Today, the situation after Watchdog disabled, is very stable. I think that the disconnection/drop problem has been resolved.

bazmk2 commented 2 years ago

So I have deleted my previous comments and logs as I beleive they are irrelevant.

I believe I have solved the issue and it is to do with the tasmota software on the devices. I have found that the later versions of the software (not sure exactly where) change the way that they act in terms of wifi and reboot/reconnect. It turns out that I had set a NTP server in my DHCP some time previous that I had forgotten about.
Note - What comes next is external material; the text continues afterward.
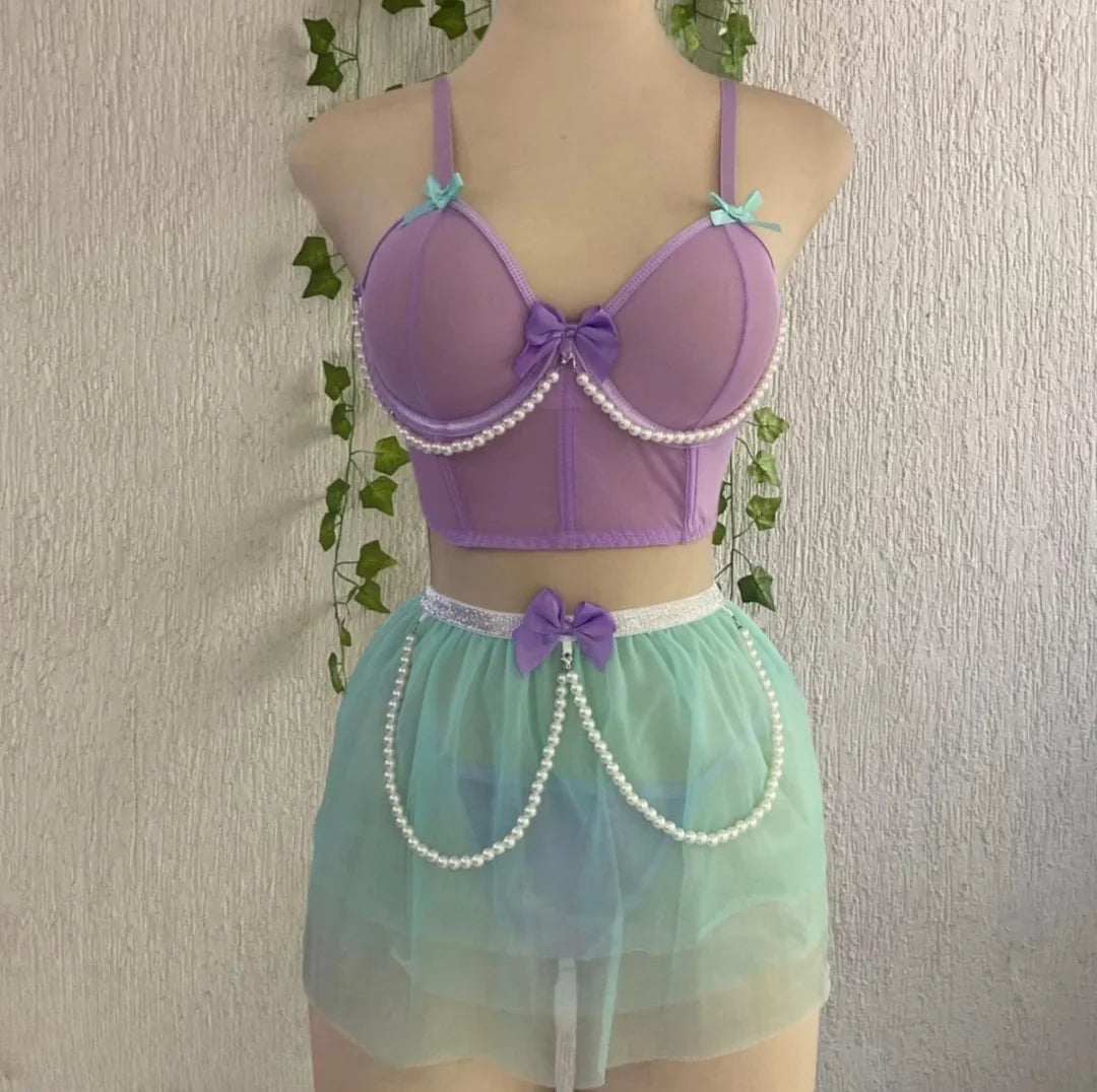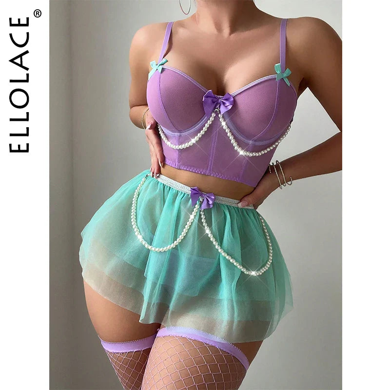 Ellolace Tulle Beautiful Lingerie Contrast Color Bowknot & Faux Pearl Decor Sexy Outfits Garter Stocking Fairy Exotic 4-Piece

However, on "update day" - i chose to update OTA the HA, mosquitto and tasmota software around the same time I beleive that the Tasmota update introduced the issue with the NTP server and caused the reconnects.

Yesterday I looked at the device list in tasmota-admin and all of the devices except one still on 9.x had uptimes of a minutes. The one on 9.x was at 17 days.

Now of course I was still fiddling - I was trying to fix this so I have introduced some other confounders - the MQTT brocker I use is not a seperate debian machine with HiveMQ setup but it wasnt until I removed the NTP setting that I got uptimes of over an hour for the tasmota devices.

Hopefully this may be of assistance to another tinkerer - my one message is change 1 thing and WAIT!